Experience with genome databases

Haussler's group at UC Santa Cruz brings extensive experience with large genome databases and the Internet-based exchange of biomedical knowledge. His team created the computational infrastructure to assemble the first draft human genome sequence and used this assembly as a basis for building the UCSC Genome Browser, the most popular tool for accessing human genomic data. They recently built the cancer genomics database for the National Cancer Institute, the UCSC Cancer Genomics Hub (CGHub), currently the largest shared cancer genome database in the world. All of this work relies on novel ideas and creative methods in bioinformatics developed at UC Santa Cruz for the purpose of making sense of mountains of genomic data.

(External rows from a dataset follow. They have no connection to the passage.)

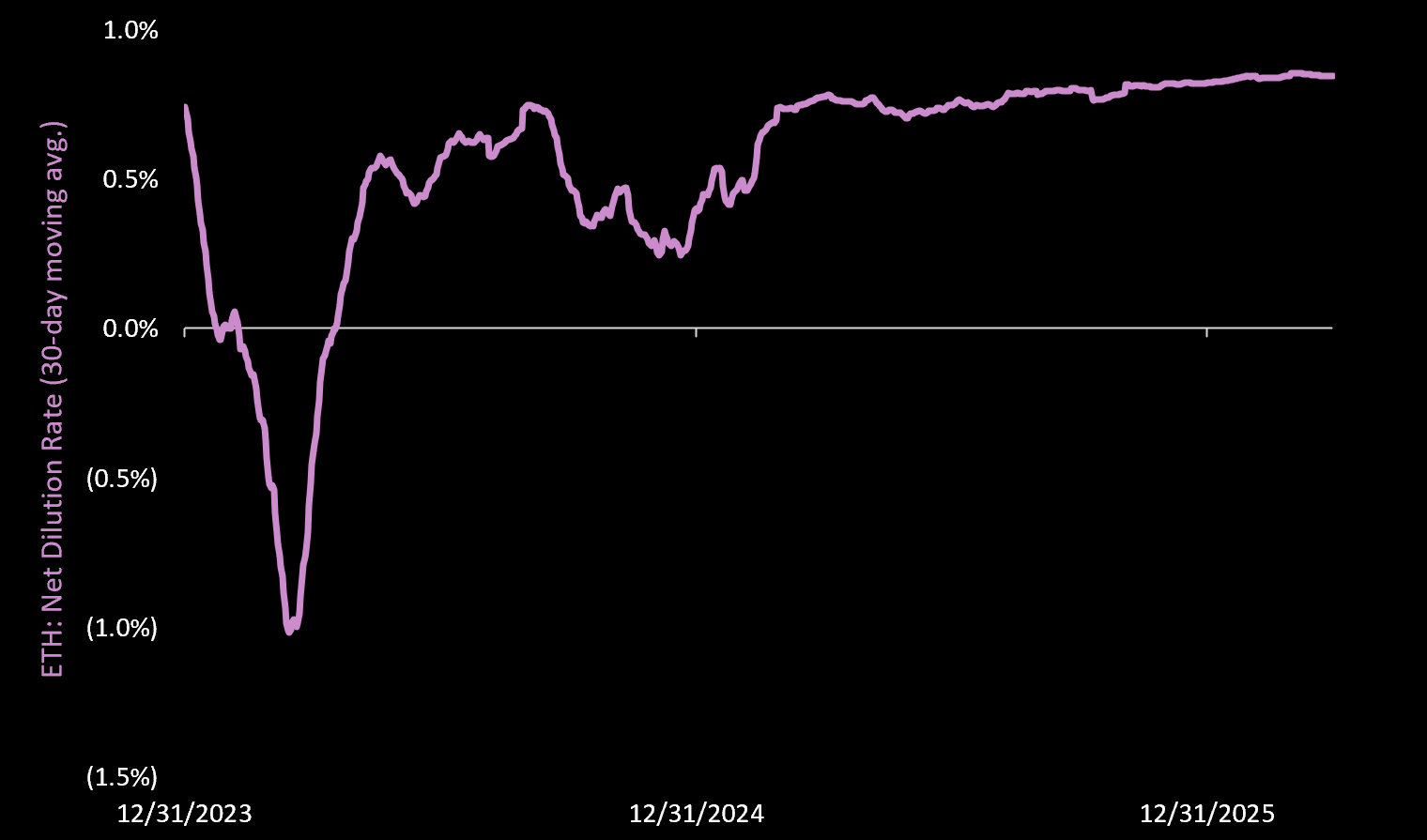净稀释率 = 协议新增发行量 - 被销毁的 ETH/流通供应量(年化)。负的净稀释率有利于 ETH 持有者(价值累积)。正的净稀释率会稀释 ETH 持有者(未质押者)的权益。
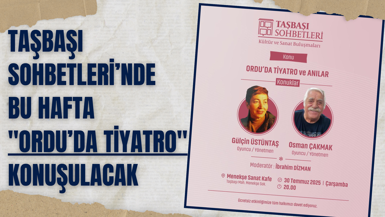 Altınordu Belediyesi, her hafta farklı bir konunun masaya yatırıldığı ‘Taşbaşı Sohbetleri’ serisinde bu hafta Oyuncu/Yönetmen Gülçin Üstüntaş ile Osman Çakmak’ı ağırlayacak. 30 Temmuz Çarşamba günü Menekşe Sanat Kafe’de saat 20.00’de düzenlenecek olan söyleşide ‘Ordu’da Tiyatro ve Anılar’ konuşulacak.
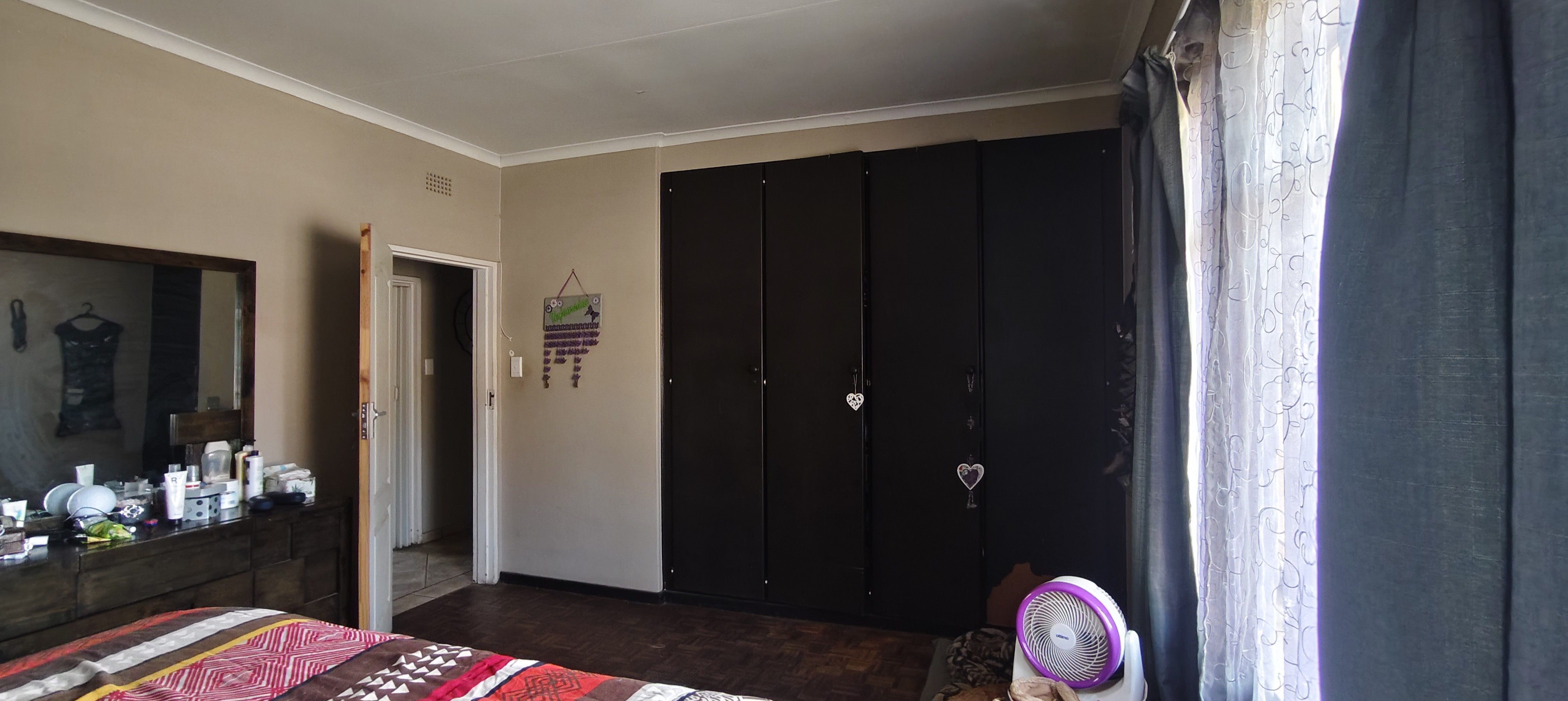 The interior features wall-to-wall tiles, with a touch of carpet in the living area for added comfort. Ample cupboard space throughout the house makes organization effortless. The modernized bathroom includes a bathtub, shower, and basin, with a separate toilet for added convenience. All three bedrooms are generously sized and fitted with built-in cupboards.

According to Haussler, the global alliance aims to work with partners and operating entities to develop the infrastructure and technology platforms needed to enable the sharing and integration of genomic and clinical data in a manner that is secure, controlled, and protective of participant autonomy, privacy, and security. These platforms not only would serve biomedical researchers, but could also support diagnostic services for medical practitioners.

"We want to create the infrastructure that will enable clinical applications as well as academic research to flourish," Haussler said. "UCSC's expertise in large-scale genome databases will enable the global alliance to eliminate the barriers to research and precision medicine created by the current non-interoperable medical information silos."